La Critique
Ah, le cinéma social anglais… Tout un poème ! On a parfois l’impression que les réalisateurs britanniques ne savent faire presque que cela. J’exagère un peu, bien sûr, mais tout de même, il y a une vraie tradition d’un cinéma qui prend racine dans les quartiers durs des villes anglaises, à la suite notamment du travail de Ken Loach. Dernièrement, Boy A ou encore Tyrannosaur nous prouvaient cette réalité en s’intéressant à des personnages pourtant très différents, mais toujours dans le même type de milieu. Broken, premier film de Rufus Norris, s’inscrit complètement dans cette veine en plaçant son « intrigue » dans un quartier typique d’une agglomération anglaise. D’ailleurs, son scénariste est le même que celui de Boy A. D’ailleurs, on ne saura jamais véritablement où on est, comme si cet endroit était une forme d’incarnation même de la banlieue de classe moyenne britannique (on n’est pas non plus ici dans les bas-fonds parfois montré). Rufus Norris s’intéresse à une jeune fille qui, dans cet univers assez particulier, va perdre tous ses repères et devoir s’habituer à une nouvelle vie. Et alors, qu’est-ce que ça donne ?
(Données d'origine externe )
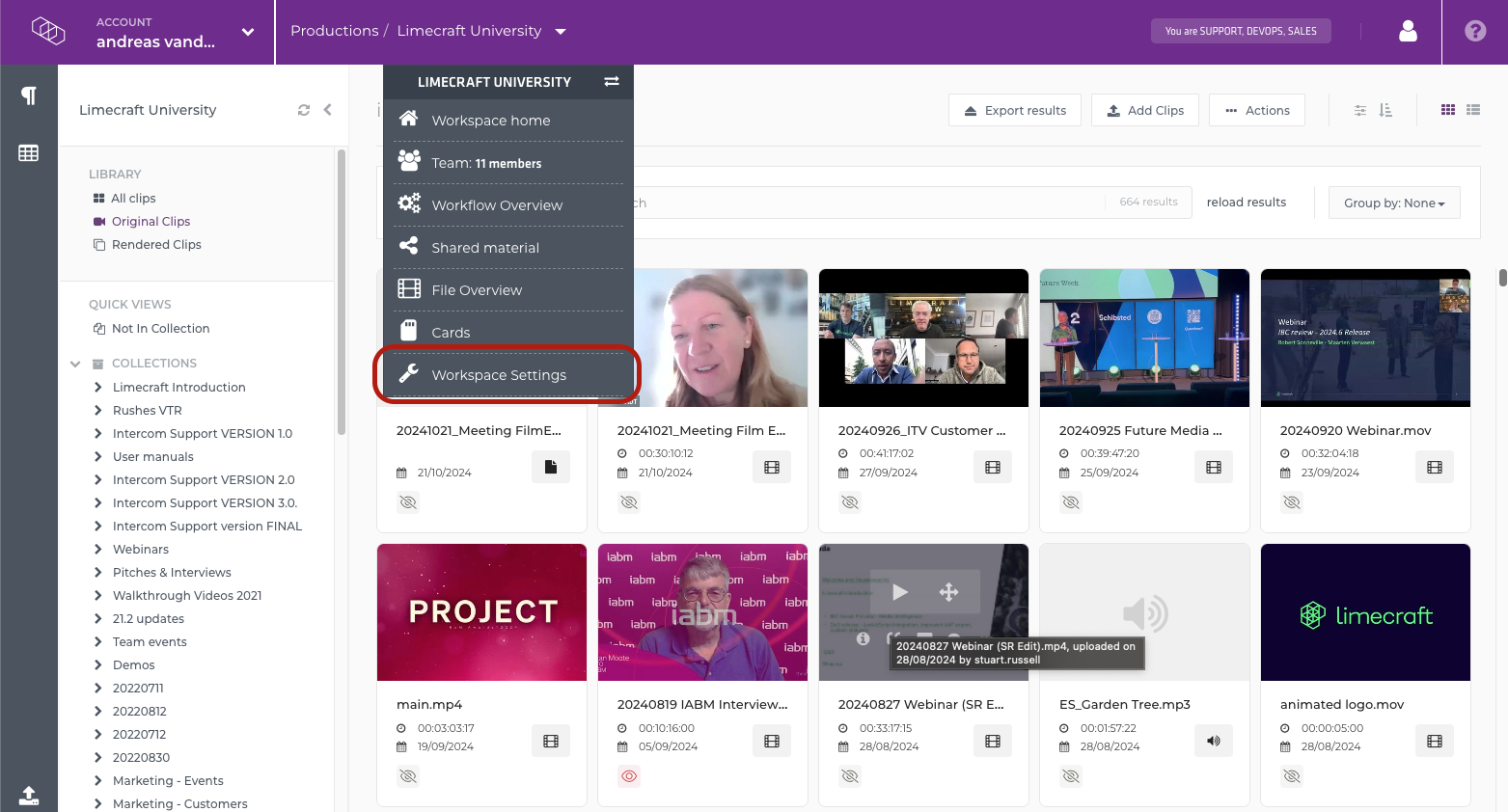 In your capacity as Account Manager or Production Manager, Workspace Settings are accessible via the drop down menu in the top navigation.

Ce que l’on peut dire premièrement, c’est que Broken n’est pas le genre de films facile à résumer. En effet, beaucoup d’éléments s’entremêlent et sont liés les uns aux autres. En effet, dans ce pâté de maison, trois familles cohabitent et les relations sont pour le moins bizarres entre celle dont le fils est un peu dérangé, celle où un père élève trois jeunes filles insupportable seul et est prêt à tout pour les défendre et enfin celle où vit Skunk avec son père, son frère et une sorte de gardienne. Celle-ci est aussi en couple avec un jeune professeur, ce qui nous introduit aussi dans le milieu de l’école. Et il y aune mini-histoire d’amour parallèle pour la jeune fille… Bref, vous l’aurez compris, ça part dans pas mal de directions et le petit problème, c’est qu’en 90 minutes, c’est souvent compliqué de tout suivre véritablement de la même façon et, surtout, de vraiment s’attacher aux différents personnages. De fait, c’est parfois un peu frustrant de voir des pistes lancées mais aussitôt refermées, surtout que ce manque de temps donne un peu trop l’occasion de tomber dasn certains clichés. Mais, tout de même, le film arrive à faire vivre pas mal d’histoires dans le temps « imparti », avec presque toujours au centre de celles-ci ce personnage de Skunk, jeune fille à travers les yeux de laquelle on voit cette petite société évoluer. Autour d’elle gravite des personnages qu’elle ne comprend pas toujours et qui ont avec elle une relation pas toujours facile.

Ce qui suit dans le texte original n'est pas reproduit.